* _Work required_
Output the whole listing exactly, with no pictures.

* _Information supplied_
........
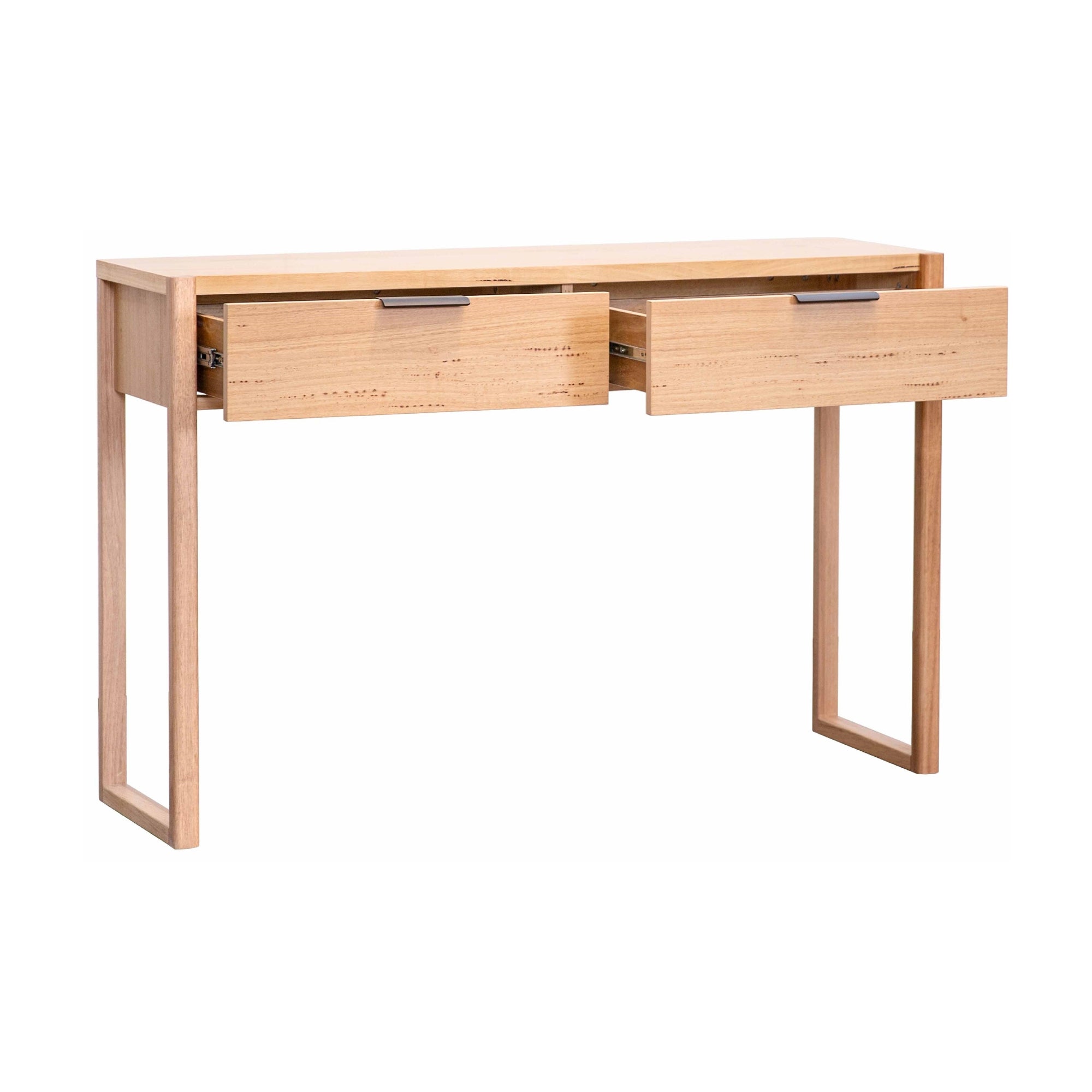 Elevate your hallway, living room, or dining area with the timeless beauty of this 2 Drawer 140cm Console Table in Natural Colour. Expertly crafted from solid and veneer Messmate timber, this piece showcases the wood's distinctive natural grain and warm tone, making each table uniquely elegant. Designed for both form and function, the console features two spacious drawers for discreet storage of everyday essentials, while the broad tabletop provides ample space for decorative items, plants, or lamps. The solid timber legs in a classic closed design ensure lasting strength and stability, perfectly balancing rustic charm with modern craftsmanship. Each drawer glides smoothly on full-extension metal runners, and the sleek black metal handles add a touch of sophistication to the natural timber finish. Whether placed in an entryway, behind a sofa, or as a statement piece in your dining room, this console table adds practical storage and enduring style to any home.
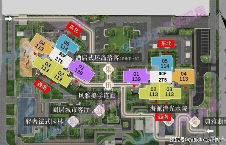 整体以朝南及西南为主,有两套114㎡朝东北面向金众。
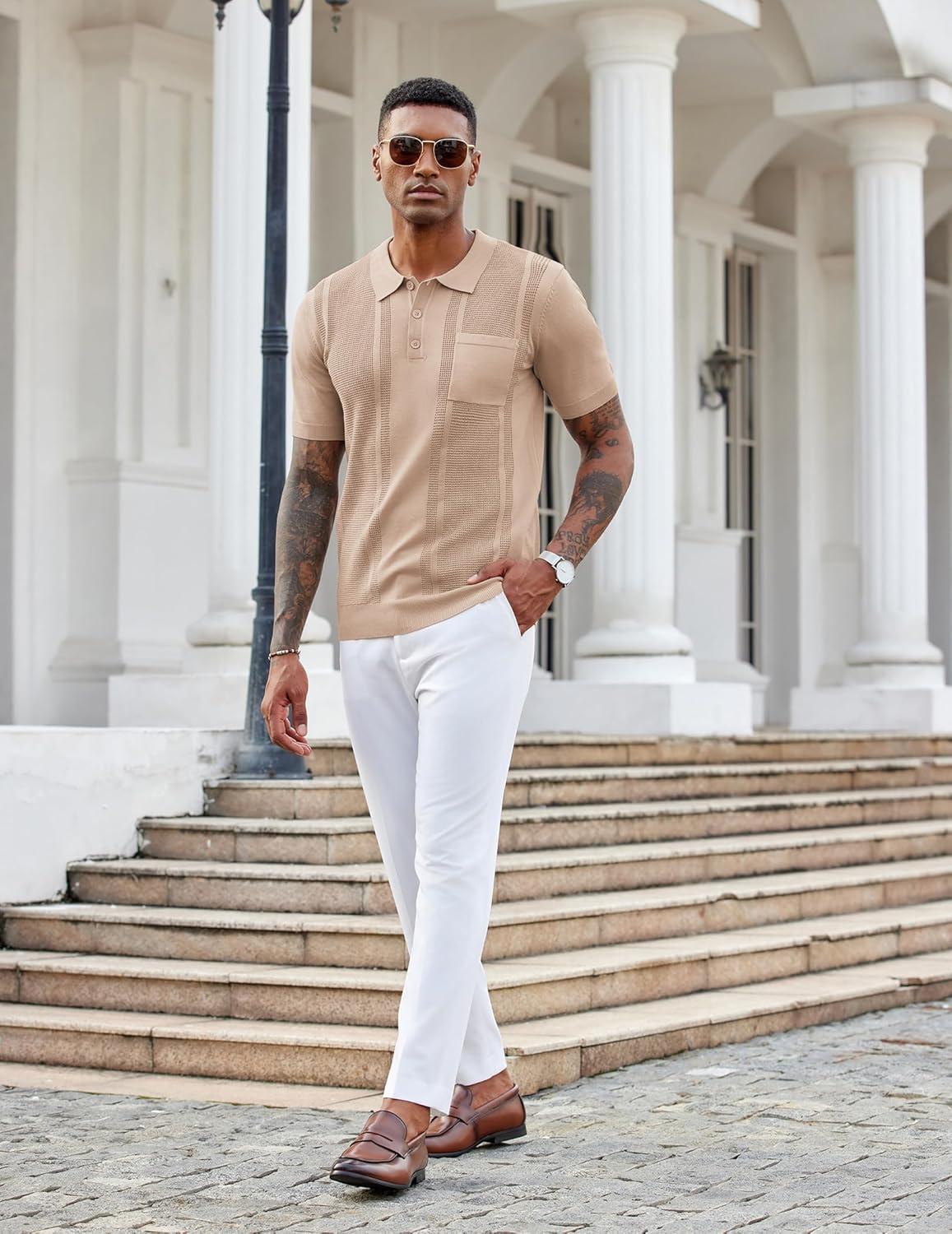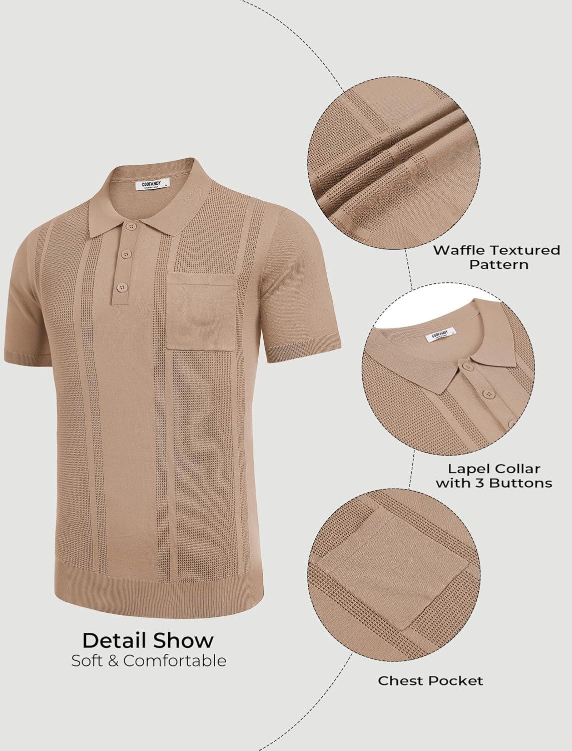 COOFANDY Knit Polo Shirts for Men Short Sleeve Textured Polo Shirt Slim Fit Summer Collared T Shirt with Pocket(Khaki)
........
* _Result for this task_
 Elevate your hallway, living room, or dining area with the timeless beauty of this 2 Drawer 140cm Console Table in Natural Colour. Expertly crafted from solid and veneer Messmate timber, this piece showcases the wood's distinctive natural grain and warm tone, making each table uniquely elegant. Designed for both form and function, the console features two spacious drawers for discreet storage of everyday essentials, while the broad tabletop provides ample space for decorative items, plants, or lamps. The solid timber legs in a classic closed design ensure lasting strength and stability, perfectly balancing rustic charm with modern craftsmanship. Each drawer glides smoothly on full-extension metal runners, and the sleek black metal handles add a touch of sophistication to the natural timber finish. Whether placed in an entryway, behind a sofa, or as a statement piece in your dining room, this console table adds practical storage and enduring style to any home.
 整体以朝南及西南为主,有两套114㎡朝东北面向金众。
 COOFANDY Knit Polo Shirts for Men Short Sleeve Textured Polo Shirt Slim Fit Summer Collared T Shirt with Pocket(Khaki)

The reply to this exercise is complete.